Ze Internet Search Engine results
Well there's a famous international food writer with the same name as me but I knew that (I've been looking at Google, Yahoo, Bing by the way). So she outdoes me a bit but that's fine, there's still a lot of me there under my actual name. All my other identities my name is discernible from I think looking at these results. So they link in a bit more than I'd anticipated they would.
To Do List
And this is going to be Kept Very Small because I frankly don't have time to add lots more To Do lists and it would totally take the fun out of this if it all became part of the on-going juggle. It's going to be 5min chunks around the edges of main activity.
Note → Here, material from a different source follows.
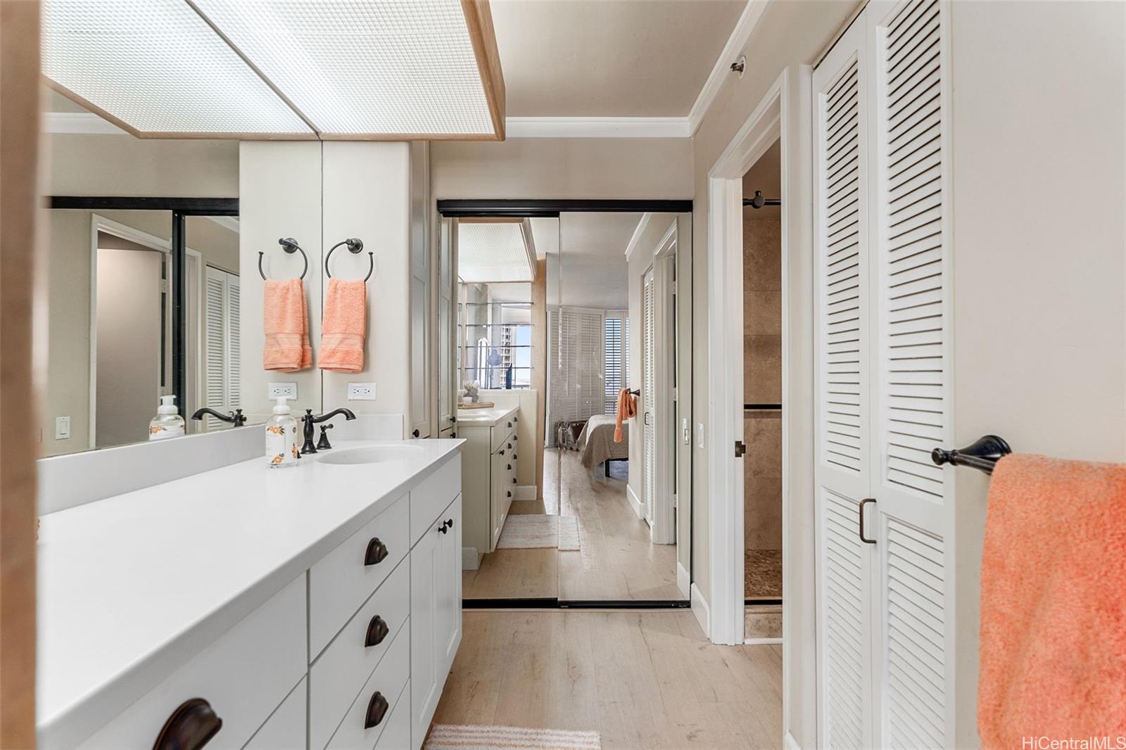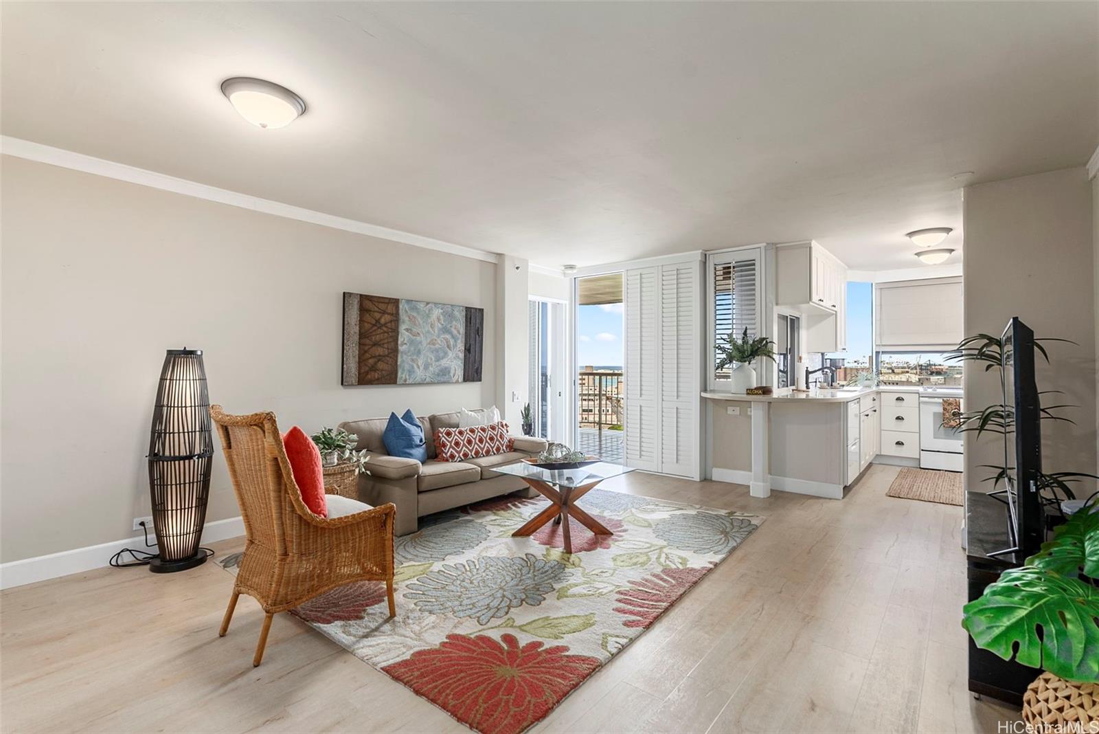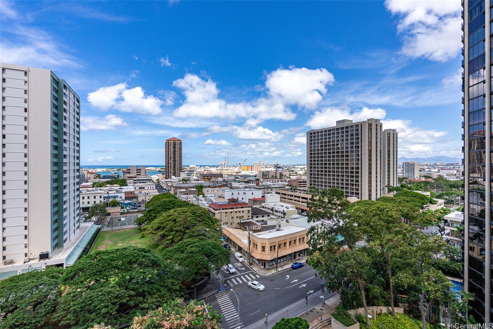 Experience elevated city living in this beautifully updated 2-bed, 2-bath unit in the highly sought-after Stack 9 at Honolulu Park Place. Quietly positioned mid-tower with partial ocean, city, and harbor views, #1309 offers a peaceful escape with cool breezes and sunset skies from your private lanai. Inside, enjoy thoughtful 2018 updates throughout: no popcorn ceilings, luxury vinyl plank flooring, updated kitchen and bathrooms, a sleek walk-in shower, plantation shutters, crown molding, and central AC. This move-in-ready home combines modern style with everyday comfort. Honolulu Park Place is a full-service, pet-friendly building with resort-style amenities: swimming pool, hot tub, two-story fitness center, tennis, racquetball & pickleball courts, BBQ cabanas, koi ponds, bowling alley, café, party room, and ample guest parking. Secure and convenient with 24-hour security and gated garage parking. Rarely available Stack 9 layout—schedule your showing today before it’s gone!

But then you can actually do a fair bit in 5mins if you know what you're trying to accomplish with it!
1. I shall officially sign up for CPD23 and link this blog to it instead of skulking in the shadows (less Claw more Penelope).
2. I will (shock horror) look at all my main online profiles and actually up-date them and put a bit more information in.
3. The blog thing shall be tried again - probably through this as an initial vehicle / schedule.
4. I will judiciously add at least some of my other selves to main places where I have profiles so they're still zoned with different names and avatars and purposes, but linked in better.
5. I will read the blog on BIALL Conf presentation on using LinkedIn better.
6. I'll get back to trying to tweet a few times a week on the professional account.
The name caught my eye (not that I am a fan of presocratics and not really a philosophy person) but then you reeled me in with Penelope Pitstop and the whole wacky races (which I preferred to the straight Penelope). hope you continue with the cpd23. I have only managed thing2 so far at http://thebodyinthelibrary.wordpress.com/
ReplyDeleteI love the Penelope vs Claw analogy - I think I too do this with my online personas, not wanting to mix personal with professional too much.